Connected Papers is a simple and free app that makes research easier.

The platform enables students to upload a relevant paper for analysis. Connected Papers will then pull together a visual of what other research this paper interacts with.

Ultimately it’s the digital equivalent of looking through the bibliography of something you’ve read. However, Connected Papers also outlines the timeliness of the research, the level of relevancy, and how many times it has been cited within an argument.

3. Scholarcy

The difficulty of reading – especially at university level – is massively underestimated. Professors often give students more reading than is possible to do. They allocate students this amount because they don’t expect them to read articles cover-to-cover. Reading is an art, that requires skimming, prioritising, and efficient notetaking, which can be hard when students can’t ascertain what’s important.

Meet my new best friend, Scholarcy.

It’s an AI platform that scans your academic articles, creates a summary of the main points, and highlights arguments throughout the piece.

The time this platform saves in figuring out what to highlight is hugely beneficial. It gives students a real opportunity to formulate their own opinions and argue their points – what university-level education is actually about.

Scholarcy shows huge potential for content digestion tools. Currently, it can only be used on recent academic PDFs, so going forward it will be exciting if this kind of technology can be applied to older material and alternative formats.

Scholarly allows students to have a free trial, but it works on a subscription model of £7 per month.

4. Grammarly

I’ll be honest, being a copywriter, I was dubious of Grammarly. Could a tool such as this really pick up errors effectively?

I started off with the basic free version, which covered punctuation, grammar, and basic tweaks to sentences… and it delivered. Grammarly left no stone unturned.

I was so impressed, in fact, I decided to take the financial plunge, and buy the monthly subscription which is a steep £21 a month. Not to put myself out of a job – but it was worth it.

Students are able to select what target audience they’re appealing to, what tone they’re trying to achieve, and what they’re trying to accomplish from the piece. So far, it has elevated my writing to the next level. It’s picked up on passive sentences, suggested synonyms for repetitive words, and suggested alternative ways to write the sentence and adjust tone.
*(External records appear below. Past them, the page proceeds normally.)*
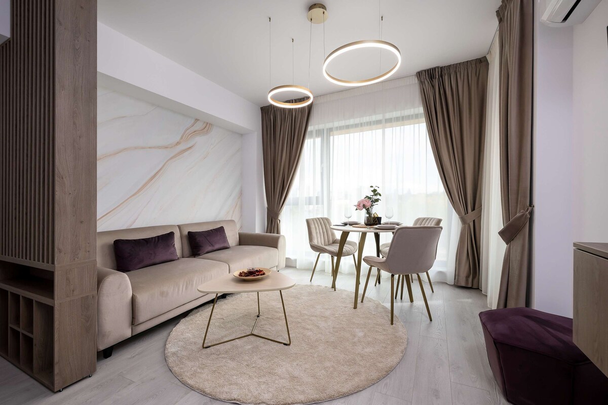 Descoperă confortul și rafinamentul acestui apartament de 2 camere, recent renovat, perfect pentru o vacanță de neuitat sau o calatorie de afaceri. Predomină nuanțele de verde smarald, creând un ambient relaxant și elegant. Apartamentul este complet mobilat și dotat cu tot necesarul pentru un sejur reusit - living cu canapea extensibilă, ideală pentru relaxare sau dormit - baie modernă cu duş, pentru clipe de răsfăț - bucătărie complet echipată, pregătită să îți satisfacă orice nevoie culinară.
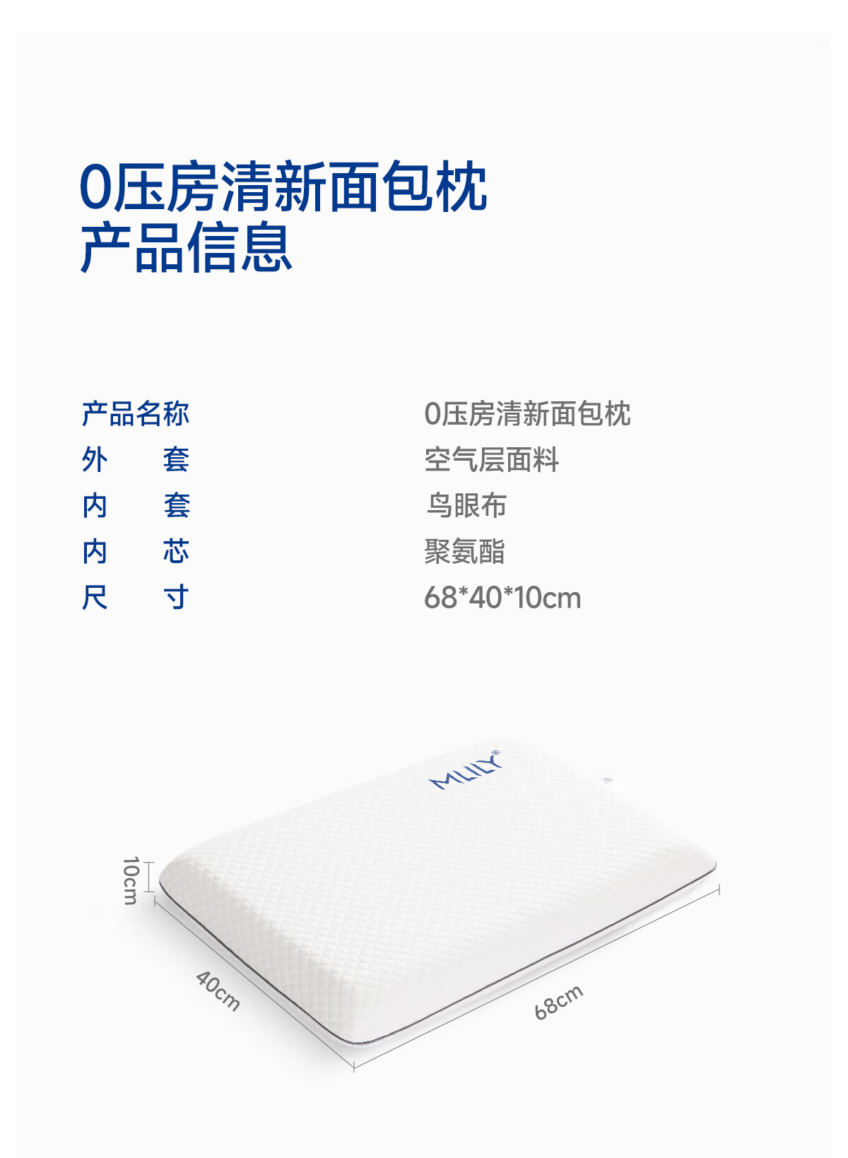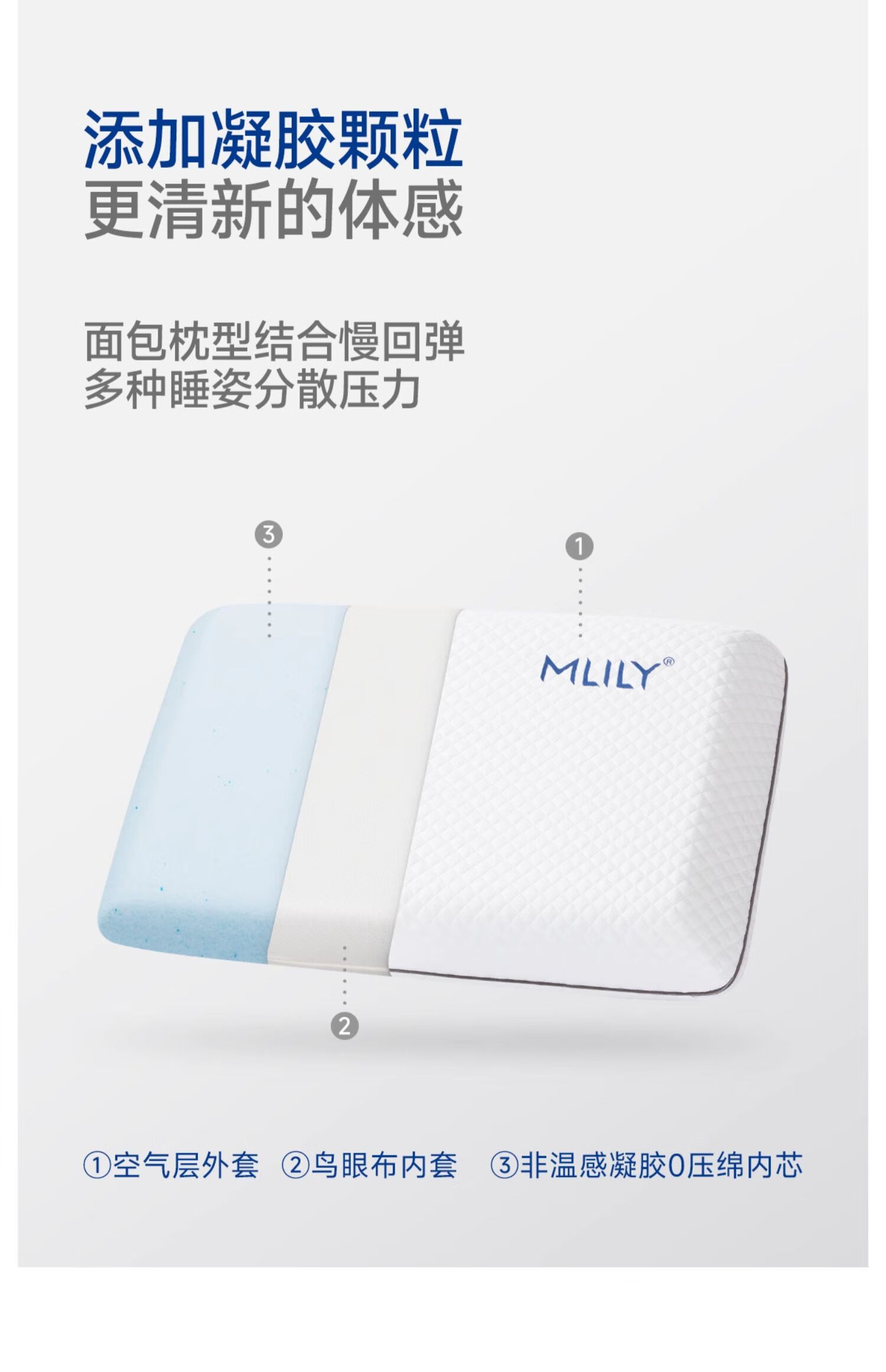梦百合(MLILY)慢回弹凝胶记忆棉颈椎枕头护颈枕芯酒店面包枕成人记忆枕高10cm
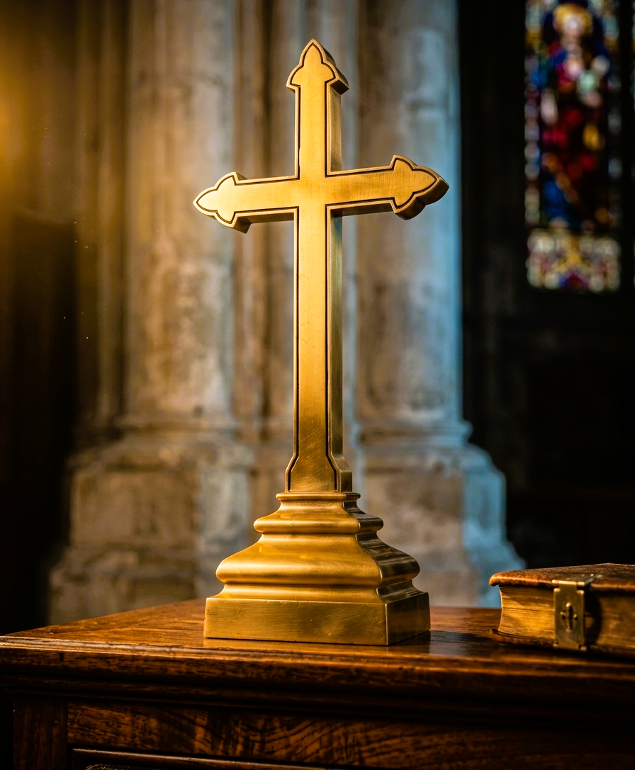 Shipping Note: Due to the extraordinary 27-pound weight and large dimensions of this solid brass cross, it will be meticulously packed with ample padding to ensure safe transit. Shipping costs reflect the size and weight required to get this heirloom piece to you safely.

I think this tool will continue to be relevant to students. And it has a massive role to play in the current class gap in education.
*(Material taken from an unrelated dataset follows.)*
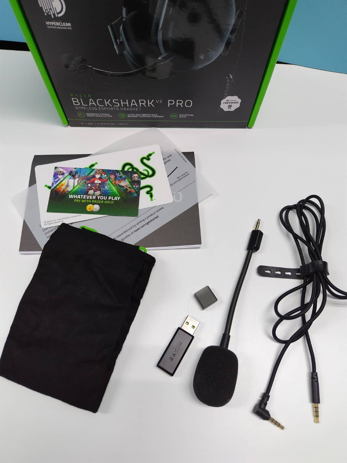 内容物:ヘッドホン、マイク、USBレシーバー、ケーブル、印刷物、ポーチ(画像1枚目に写っているもの)
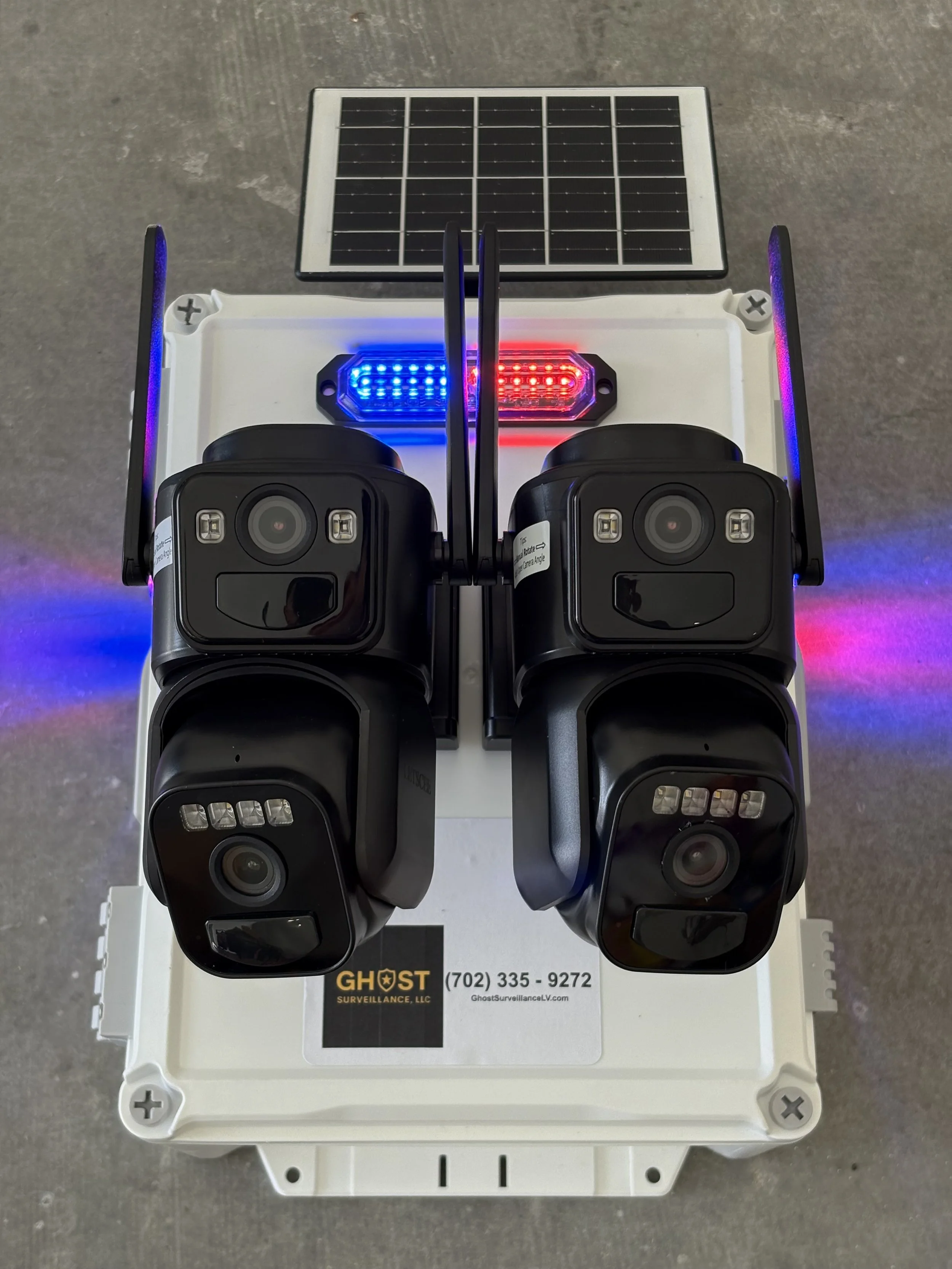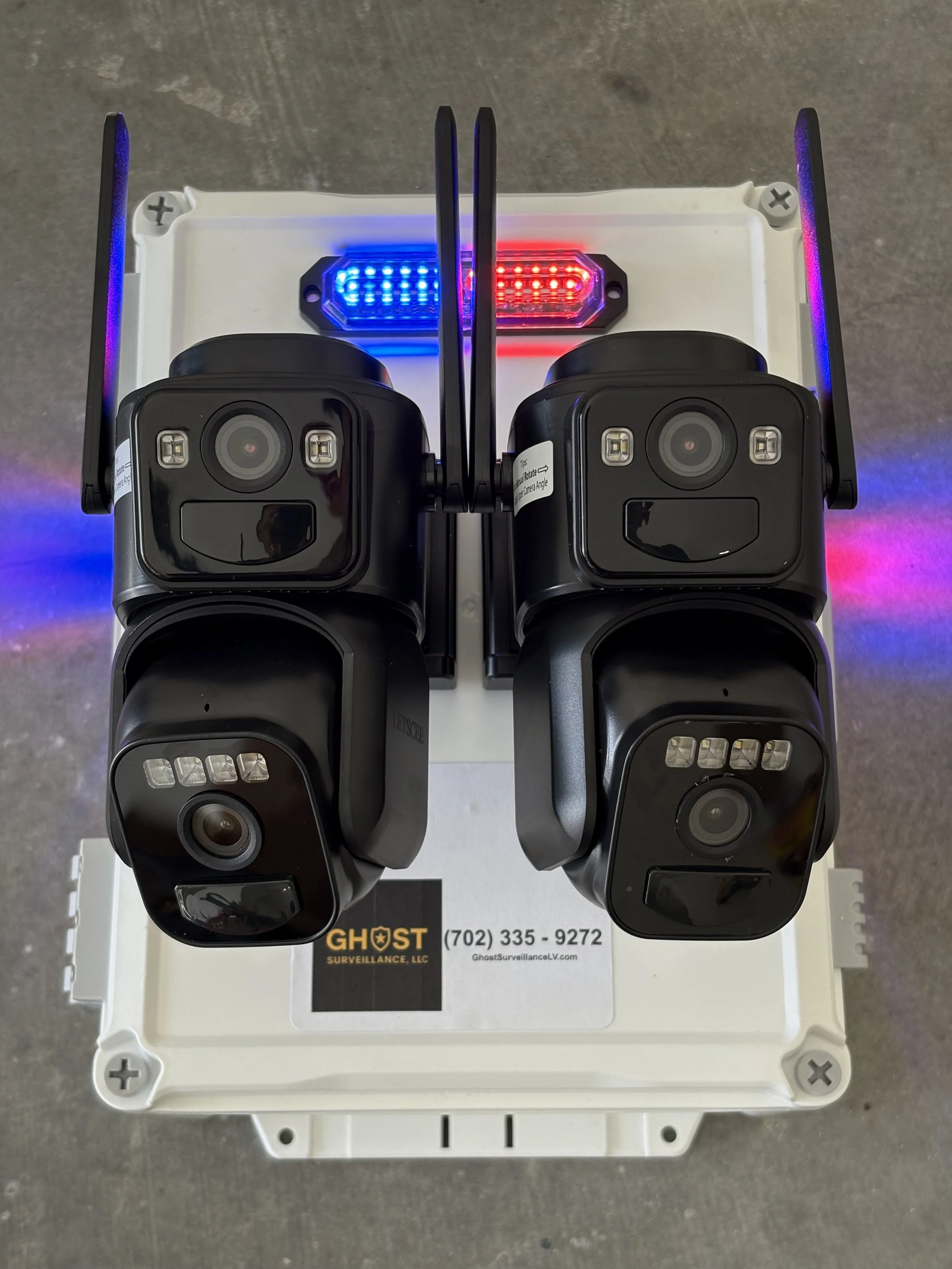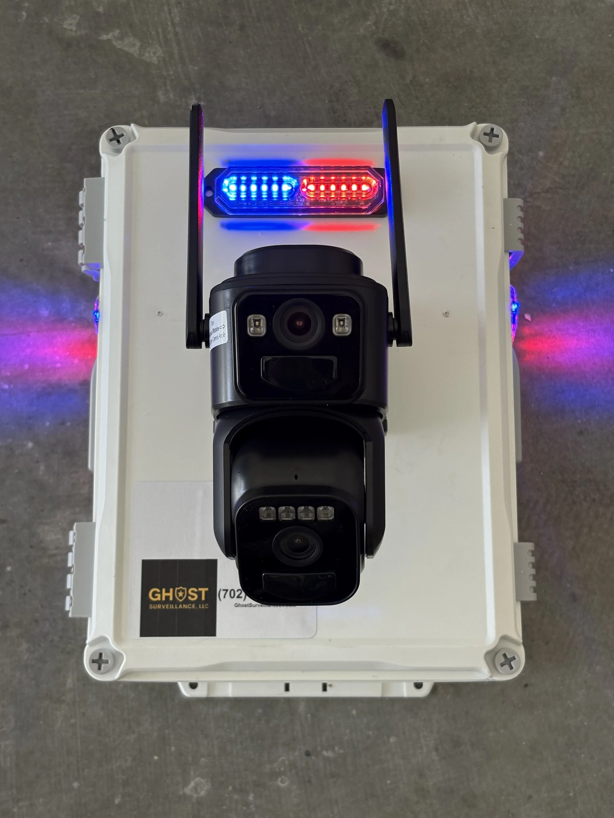 Ghost Boxes protect your site with 4k cameras, flashing strobes, and a siren that means business. Auto artificial intelligence smart tracking with human recognition. Plug-in or solar. One camera or two. Instant deterrent. Thieves don’t like attention. We give them all of it.

Those with academic parents have had the luxury of having their essays proofed by those that know what the curriculum demands. Many students who are the first generation to go to university, such as myself, have not had this advantage. Grammarly is the substitute for this.

5. Dictation software

Now, dictation software is nothing new. Otter.AI and the speech-to-text function on word has been around for a while, but not in education.
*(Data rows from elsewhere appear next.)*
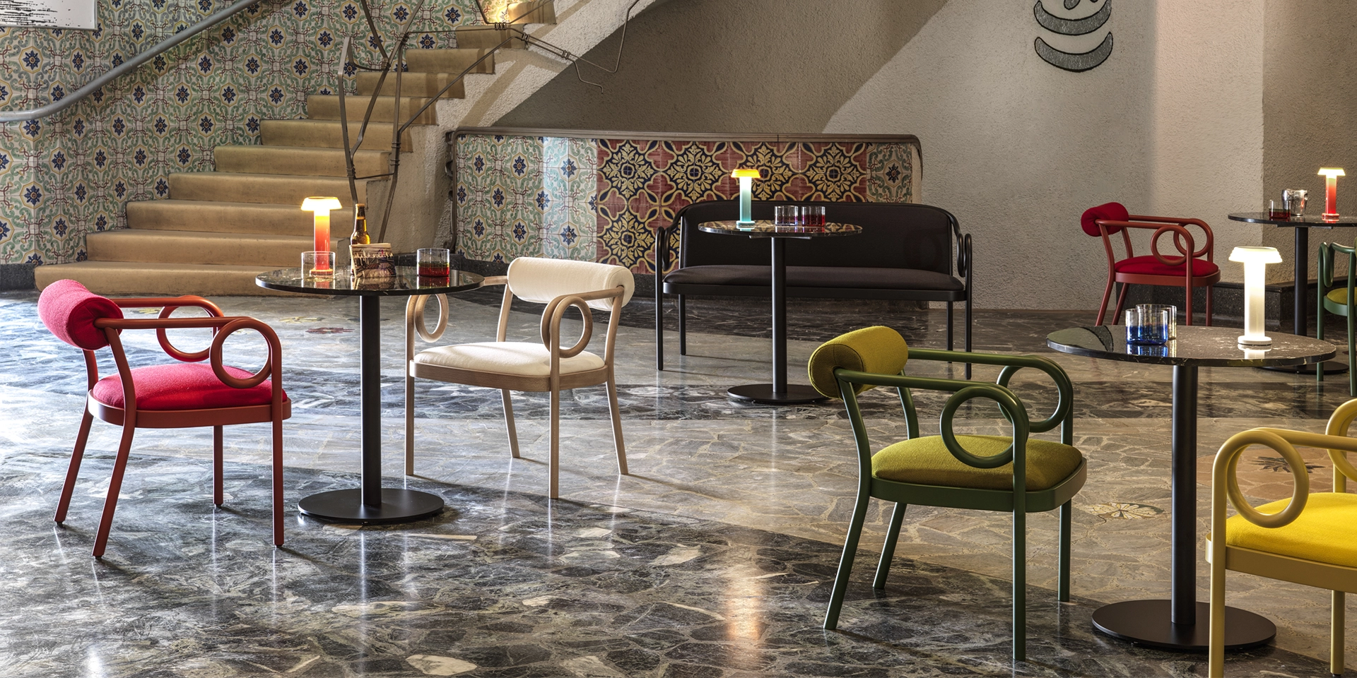 In risposta all’invito della storica azienda Gebrüder Thonet Vienna, India Mahdavi ha concepito la famiglia di prodotti LOOP, poltrona lounge e banquette, che ha il fascino di un disegno fatto a mano e beneficia del loro know-how ancestrale: “Gebrüder Thonet Vienna è l’unica azienda manifatturiera al mondo che permette di tradurre un disegno a mano libera dandogli una materialità lignea di quella qualità”.
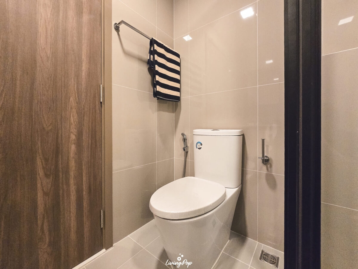 ห้องน้ำที่นี่ก็ให้สุขภัณฑ์มาครบเลย มีชักโครก ที่ใส่กระดาษทิชชู่ สายชำระ ราวแขวนผ้า ส่วนห้องอาบน้ำมีฉากกั้นประตูบานเลื่อนกระจก ด้านในมีฝักบัว มาพร้อมชั้นวางของแบบเจาะผนังขนาดใหญ่ วางของได้เยอะเลยครับ ทำชั้นแบบ Built-in เพิ่ม หรือซื้อชั้นสำเร็จรูปมาวางให้พอดีกับช่อง ก็จะทำให้เราวางอุปกรณ์อาบน้ำได้เยอะขึ้น
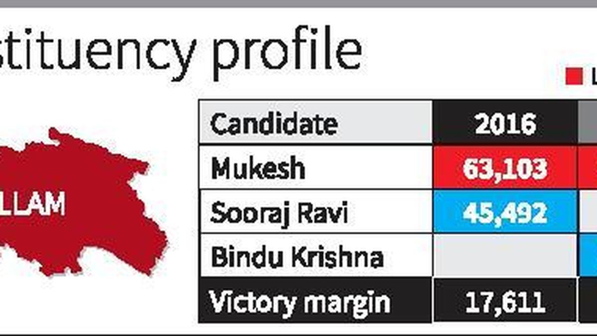 - In the 2021 Assembly elections, LDF’s M. Mukesh narrowly defeated UDF’s Bindu Krishna by 2,072 votes.

No phone policies at schools have ruled out transcription within classrooms. But home learning and laptops have made a space for them. Many students are now using such services to ensure they don’t miss important information within their notes.

Of course, transcriptions are still a bit ropey. I still encounter sentences with rogue words or mistranslations. So the opportunity will now be for dictation software to make moves in improving the quality of their software, while keeping the cost to students accessible.

In my mind, education institutions are bottom of the class when it comes to technology. And this is often what we focus on when looking at the industry.

But in doing so, we’re neglecting the thriving underbelly of education that’s embracing AI-driven technologies. Students and start-ups have bypassed institutions’ budgetary concerns by using subscription model apps to meet demand.

These aren’t perfect, but they’re catering to the real needs of students. And they should be given the attention they deserve.

It shows an appetite for tech that many institutions are yet to acknowledge, which means it’s time for education to start revising.